3. Judge Roger Houde suggests not only an abstract, ideal person (see above) - but also an ideal country: like Swiss, Sweden, Austria and Canada together (if combined in all positive aspects). He ignored the specifics of the Israeli laws, based on racial definition, intolerance, Apartheid, ancient traditions, and nationalism, the Jewish religious character of the state, and many other aspects. He ignores that Israel is a country, which keeps an indication of nationality and the country of origin in its citizens' internal passports. When he listed organization, where the claimant "had to turn to", he did not take into consideration that all these organizations are Jewish organizations. There is no organization, no representation of non-Jewish immigrants in Israel. The Israeli government persistently refuses to register the Union of Slaves - an organization of non-Jewish immigrants. What is the point if the claimant would visit another - and another Jewish organization? On the other hand, if a claimant had visited ALL mentioned by a refugee board organizations, providing an essential proof for that, then a typical response, reserved by a typical refugee board, would be "the panel did not find it credible that the claimant have been to all these organization - and found no help". (See cases in the Federal Court - 1996 - 1999)
4. The panel has displaced right accents in the claimant's statement - and made wrong accents instead, totally distorting the very essence of claimant's problems in Israel. The accents have been made by the panel on the secondary (ontological) issues, and the main source of claimant's problems remained camouflaged. For example, judge Houde has concentrated on the issue whether or not claimant's employer has persecuted her till her departure from Israel, but he ignored that this conflict (with the employer) has revealed how vulnerable Mrs. G. was a) as a new Immigrant, b) as a woman, c) as a non-Jew, d) as a single, e) as a person with a law income - in Israel. What if this particular employer did not pose a threat to the claimant at a given date (her departure from Israel)? Any other employer-Israeli could abuse her in the same way - and with the same impunity.
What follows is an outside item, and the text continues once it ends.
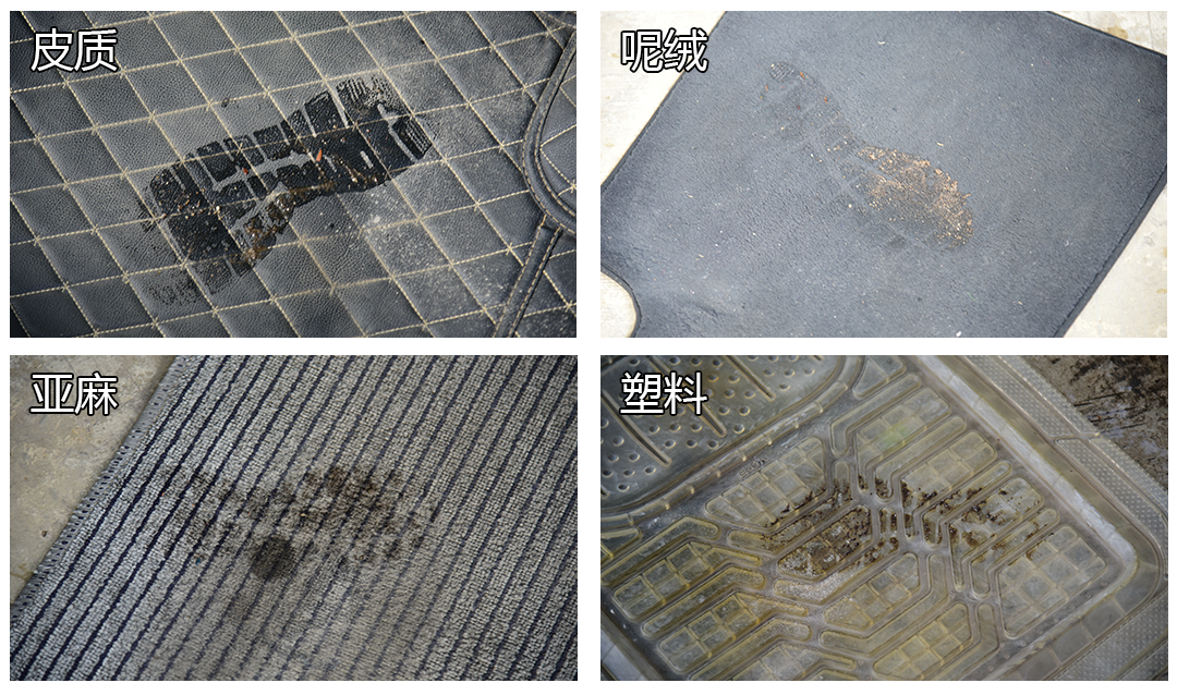 脚垫不仅常常面对灰尘,还需要面对下雨天的泥水,因此我们模拟湿地情况下的使用场景,用在泥水里踩踏过的鞋来对脚垫进行踩踏,观察每个脚垫的耐脏情况。

What indications did the panel have, which could convince that Mr. Factor has forgotten about Mrs. G. for ever? There no such indication. And there is no "warranty" that he will not start his persecution again at any moment. The same question arises again and again concerning all other issues in claimant's case. The main source of claimant's problems is the State of Israel itself, its racism and habits to abuse fresh immigrants, women and non-Jews.
5. The panel gave no reasons why Mrs. G. should fight for keeping her Israeli citizenship. Why she has to fight to stop her deportation from a country that has abused her basic human rights in numerous ways? She was abused by Israelis, by Israeli institutions and organizations: was not given a language course, refused social help as a single mother; her complains and appeals for help were ignored by police and organizations like WIZO, Histadrut, etc. Her legal divorce wasn't recognized by the state of Israel, which distorted her status in Israel. Her daughter was raped by a Moroccan origin BECAUSE she was Russian, and the rapist would not do the same to a Moroccan woman. Claimant's husband was abused at work BECAUSE he was not a Jew. The claimant was deprived of her right to practice her Christian tradition. She was forced to impose that she was Jewish, which caused a deep psychological trauma in her. Finally, the State of Israel has started a deportation procedure against the claimant, after she lived in Israel 8 (!) years: because of only one reason - that she is not a Jew! If this was not enough to give the claimant and her family members the status of refugees - then the status of refugee does not exist.
In the procedure of evaluating and deciding in the claimant's case the panel has violated all existing norms and duties.